Exercise aim. Your answer must be an exact copy of the records below, with no pictures in it.

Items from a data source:
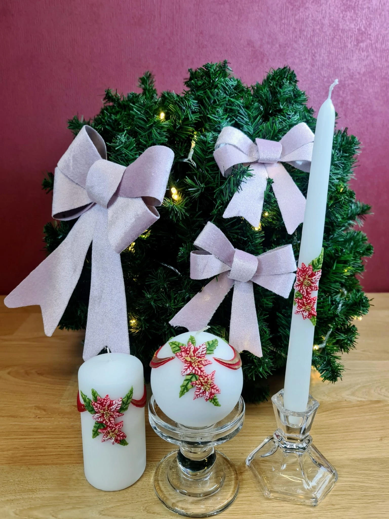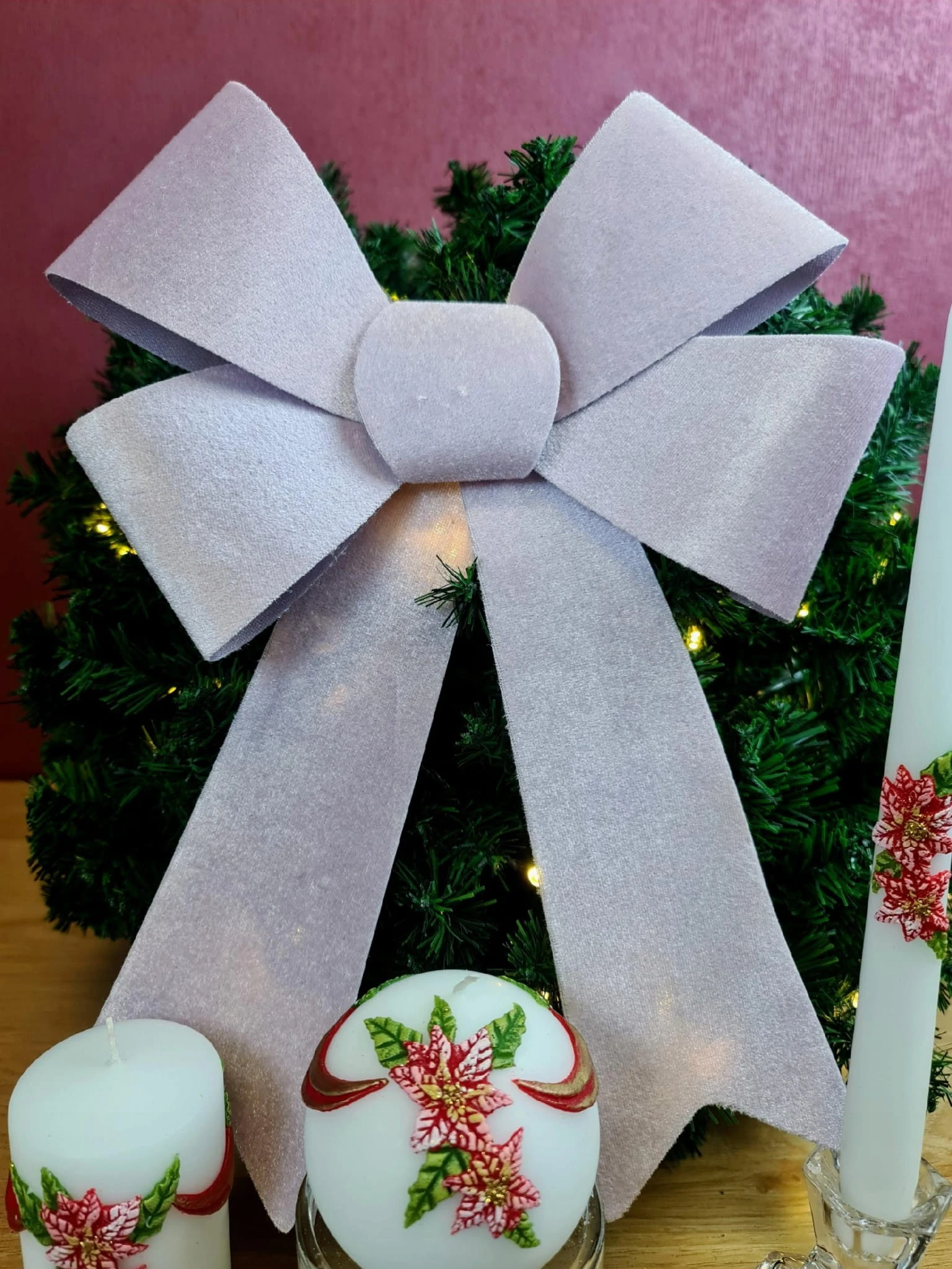KOKARDA DUŻA RÓŻOWA 38 X 23CM PREZENT ŚWIĘTA XMAS
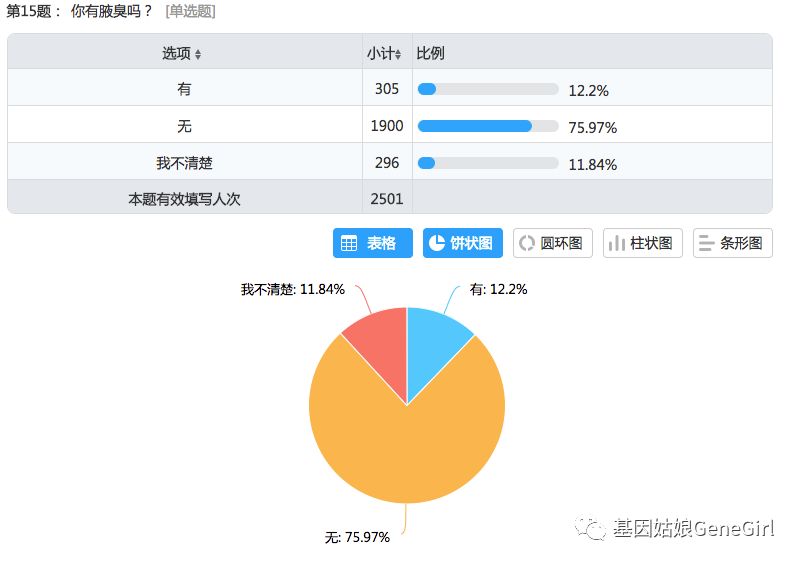 我们统计了2500例个体的self-report腋臭发生率,其中12%有腋臭发生。
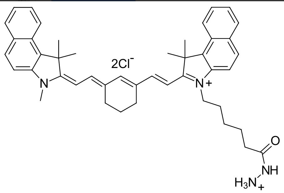 Sulfo-CY7.5 hydrazide 一种水溶性荧光染料A carbonyl-reactive hydrazide derivative of Cyanine7.5 near infrared (NIR) fluorophore. This dye has similar spectral properties with ICG (indocyanine green), but has a higher quantum yield of fluorescence. Hence, this fluorophore is ideal for in vivo imaging.This is a carbonyl-reactive dye which is particularly useful for the labeling of antibodies after periodate oxidation. It also labels other carbonyl compounds (aldehydes and ketones), for example, many saccharides.
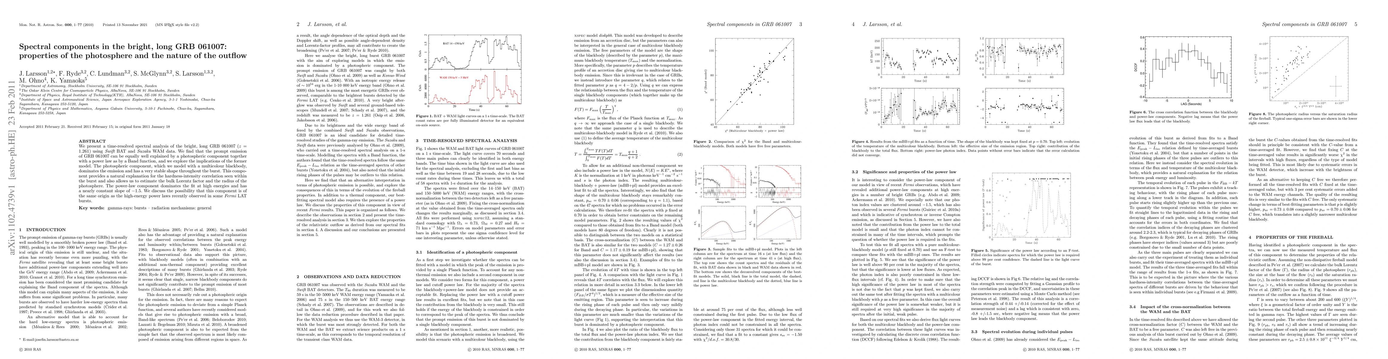 The study analyzes GRB 061007, finding its prompt emission can be modeled with a photospheric component and a power law, equally well as with a Band function. The photospheric component, a stable multicolour blackbody, explains hardness-intensity correlation and allows estimation of the bulk Lorentz factor and photosphere radius. A power-law component, dominant at high energies with a slope of -1.5, may share origin with high-energy power laws in Fermi LAT bursts.
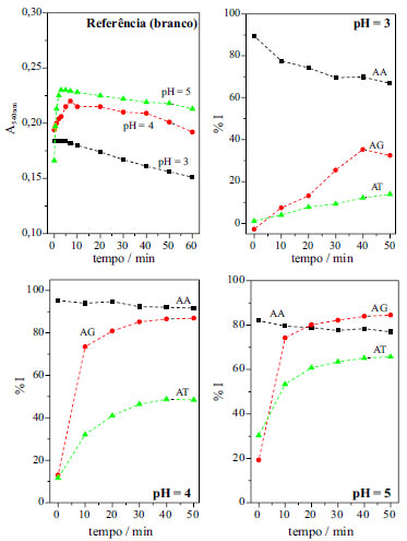![]() Figura 4. Influência do pH na geração (referência) e consumo (%I) do radical cátion DEPD+. O consumo do radical foi monitorado frente ao ácido ascórbico (AA, 5 mg L-1 ou 28,4 µmol L-1), ácido gálico (AG, 1 mg L-1ou 5,88 µmol L-1) e ácido tânico (AT, 4 mg L-1 ou 2,35 µmol L-1)

Solution below.
KOKARDA DUŻA RÓŻOWA 38 X 23CM PREZENT ŚWIĘTA XMAS
 我们统计了2500例个体的self-report腋臭发生率,其中12%有腋臭发生。
 Sulfo-CY7.5 hydrazide 一种水溶性荧光染料A carbonyl-reactive hydrazide derivative of Cyanine7.5 near infrared (NIR) fluorophore. This dye has similar spectral properties with ICG (indocyanine green), but has a higher quantum yield of fluorescence. Hence, this fluorophore is ideal for in vivo imaging.This is a carbonyl-reactive dye which is particularly useful for the labeling of antibodies after periodate oxidation. It also labels other carbonyl compounds (aldehydes and ketones), for example, many saccharides.
 The study analyzes GRB 061007, finding its prompt emission can be modeled with a photospheric component and a power law, equally well as with a Band function. The photospheric component, a stable multicolour blackbody, explains hardness-intensity correlation and allows estimation of the bulk Lorentz factor and photosphere radius. A power-law component, dominant at high energies with a slope of -1.5, may share origin with high-energy power laws in Fermi LAT bursts.
![]() Figura 4. Influência do pH na geração (referência) e consumo (%I) do radical cátion DEPD+. O consumo do radical foi monitorado frente ao ácido ascórbico (AA, 5 mg L-1 ou 28,4 µmol L-1), ácido gálico (AG, 1 mg L-1ou 5,88 µmol L-1) e ácido tânico (AT, 4 mg L-1 ou 2,35 µmol L-1)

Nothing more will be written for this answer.